◆ **WHAT YOU NEED TO DO**: Your job is to retype all of the data word for word, leaving every image out.

◆ **DATA EXCERPT**:
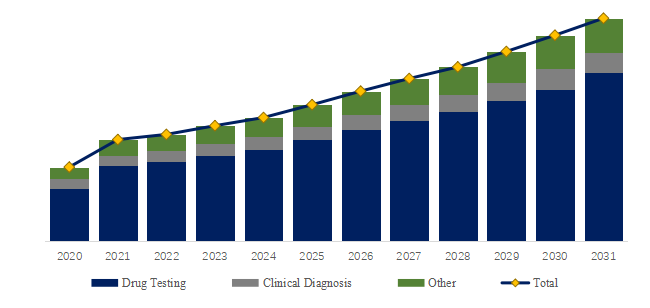 製品用途別では、現在薬物検査が最大のセグメントであり、74.4%のシェアを占めています。
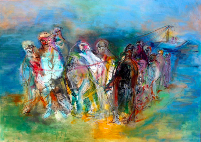 ألوان زريق مفعمة بالشجاعة وخطوطه مفعمة بالتحدي، يقول “ما زلت أبحث عن معنى أعمق في التناقضات الداخلية للإنسان. تلك التي تمنح الفن زخماً وتجعله عظيماً”.
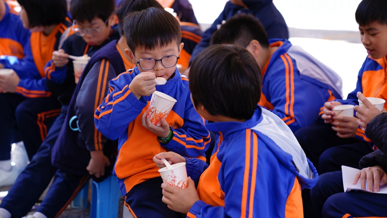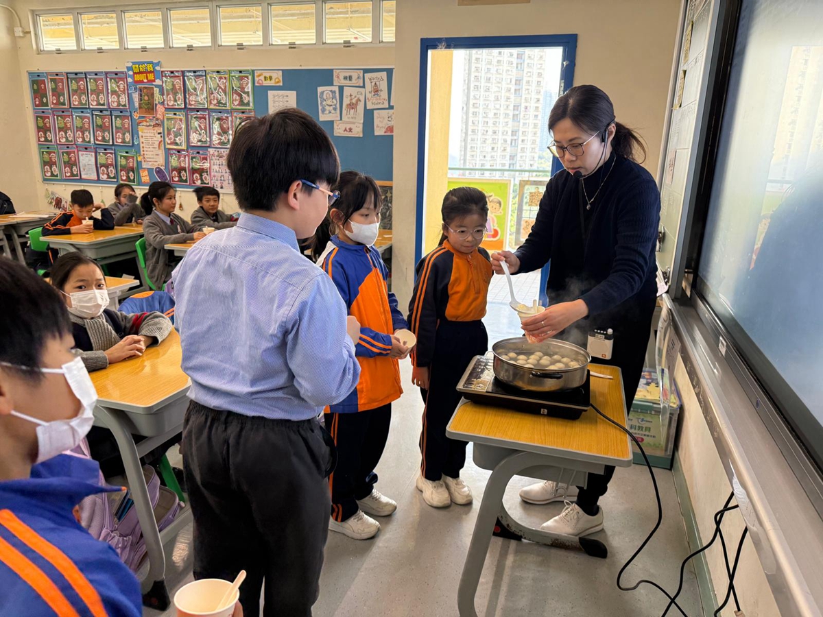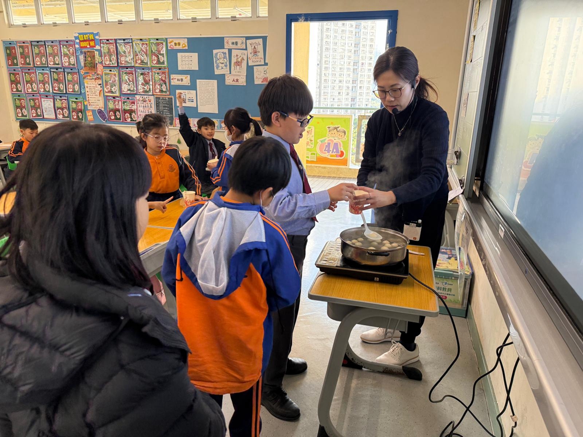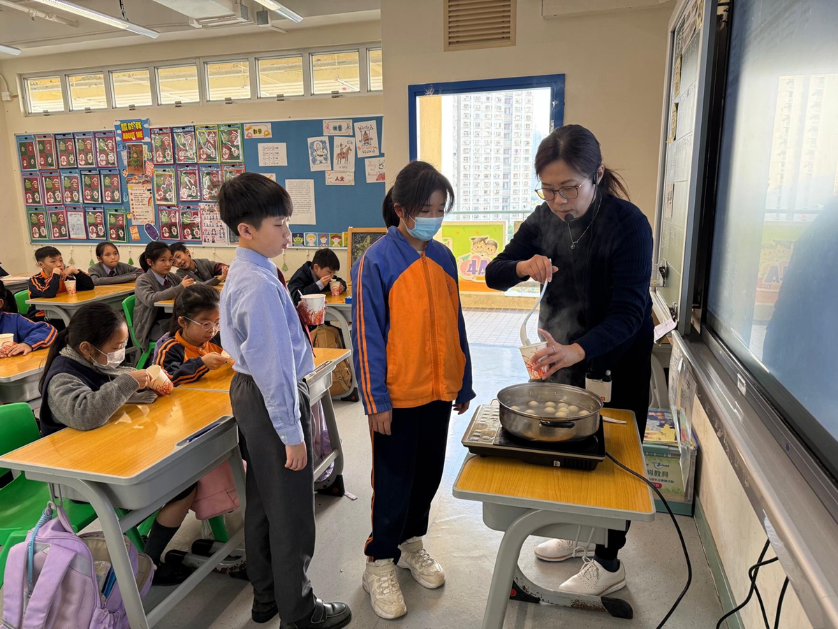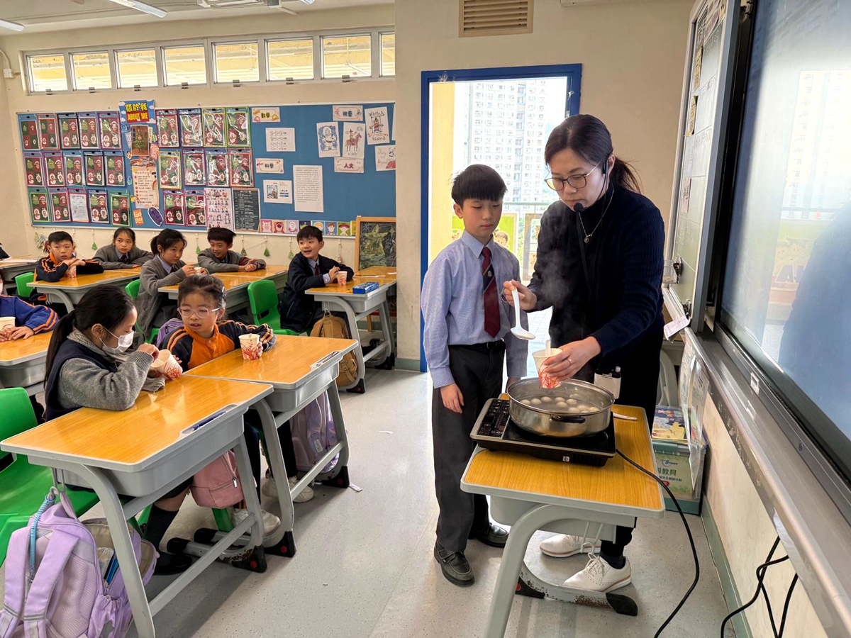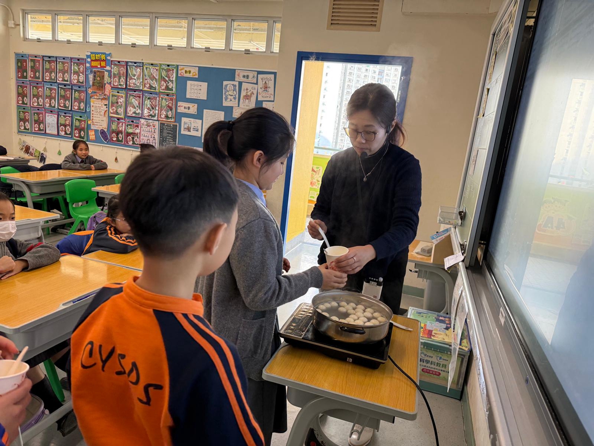四年級學生於專題研習課認識中國傳統小吃—湯圓。他們不僅品嚐到軟糯香甜的湯丸,更從熱氣蒸騰中感受到團圓溫暖的中華魅力。

◆ **OUTPUT OF THE TASK**:
 製品用途別では、現在薬物検査が最大のセグメントであり、74.4%のシェアを占めています。
 ألوان زريق مفعمة بالشجاعة وخطوطه مفعمة بالتحدي، يقول “ما زلت أبحث عن معنى أعمق في التناقضات الداخلية للإنسان. تلك التي تمنح الفن زخماً وتجعله عظيماً”.
四年級學生於專題研習課認識中國傳統小吃—湯圓。他們不僅品嚐到軟糯香甜的湯丸,更從熱氣蒸騰中感受到團圓溫暖的中華魅力。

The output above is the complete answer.